There is a particular mode of political organization and rhetoric that has manifested itself in Canada and the United States, increasingly in the past century or so, although it has existed for centuries. It is not unique to North America; there are examples in history all over the world. But to give focus to the issues at play and facilitate theological evaluation, we will look mainly at North American examples.
Populism is a political stance that attempts to promote what is deemed the “will of the people.” Its target is the mobilization of this influence over against a political enemy that is described as having excessive control over the people whose support is being solicited.
The people are identified as a group according to a convenient umbrella identifier that can be used to describe them collectively and with which they are inclined to identify. Populism usually rallies around an influential, often charismatic leader, but it is not restricted to a political ideology – there have been right-wing, left-wing, and centrist populist leaders.
One example of populism comes from in Canada in the 1980s, where dissatisfaction among political conservatives in western Canada led to the formation of a populist political party, the Reform Party of Canada. The party appealed to western Canadians as people marginalized by political elites in eastern Canada, and attempted to represent a western Canadian voice in parliament, especially to balance the voice of the separatist francophone Bloc Québécois party from Quebec.
The major type of political adversary commonly identified in populist politics is a perceived bloc of political, social, cultural, or ethnic foes (or some combination thereof), seen as possessing not only inordinate power and often excessive influence (or wealth). The basic political strategy is to identify a group that can be used as a scapegoat and blamed for the grievances of the people whose support is being solicited.
From a political perspective, there are a number of strengths and weaknesses to this political approach. I will identify one of each. It can be used to highlight real injustices and valid criticisms of the political status quo, and mobilize a response to them. On the flip side, populist political groups can sometimes find commonality more in relation to what they oppose than what they support, so they can have difficulty maintaining focus and momentum.
What about populism in theological perspective? First, populism is a political strategy, and political strategies are always flawed by the necessity that politics is ultimately motivated by self-interest and the use of power, whether soft power (influence) or hard power (coercion).
Political work requires political compromise, and with that political compromise comes inevitable moral compromise. These are fundamental reasons why the Kingdom of God is not established by political means. Politics involves a lesser form of human ordering than that of the Kingdom of God.

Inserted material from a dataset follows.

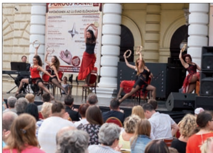
Részleteket láthattunk a Land of Music produkciónak

A Gálfy László színművész, a teátrum egykori igazgatója emlékére, a családdal közösen létrehozott díj, a Gálfy Gyűrű-díj odaítéléséről a hagyományoknak megfelelően szakmai bírálóbizottság döntött. A kitüntetettre az elmúlt évadban bemutatott darabok rendezői tettek javaslatot, ebből a zsűri választotta ki a legérdemesebbet. A szak-

Specific to populism is that it perpetuates a climate of political partisanship, and in many cases exacerbates partisan polarization in a way that is damaging to modern liberal democracy, in two ways. Let me explain by returning to the example of the Reform Party.
Remember that this is just an example of what has taken place in many locations at many times in the world. Most of the support for the Reform Party came from conservatives, but their conservatism was not all of the same kind. Most were political conservatives, but some were also social conservatives.
This meant that the focus of their opposition to the status quo was not all directed the same way. At the start, the major organizing focus of the party addressed political and economic issues, but the party became embroiled in controversy because the social conservatism of some of its members inclined them to lash out in other ways, against racial minorities, against immigration, and against policies such as bilingualism, multiculturalism, and gay rights. The movement fragmented because it was increasingly unclear what it was trying to do, and because its approach fostered a lack of discipline among its members.
This other problematic issue with populism is that is not oriented to look to the needs of its opponents. Populism is about turning the tables on oppressors, whereas liberal democracy attempts to consider and balance the needs of all citizens. Populist rhetoric creates a climate for marginalizing the opponents defined as the other, even if such actions are disavowed by leaders. Rather than fostering respect, it creates a climate for animosity, and even violence. It is easy to see that this is incompatible with the calling of Christians to be agents of reconciliation.
In many respects, nationalism is an extension of populism to a different political arena. The “Make America Great Again” sloganeering of the recent Trump administration in the United States, and his posturing as one to confront American political elites as a representative of ordinary citizens was typical of populist politics.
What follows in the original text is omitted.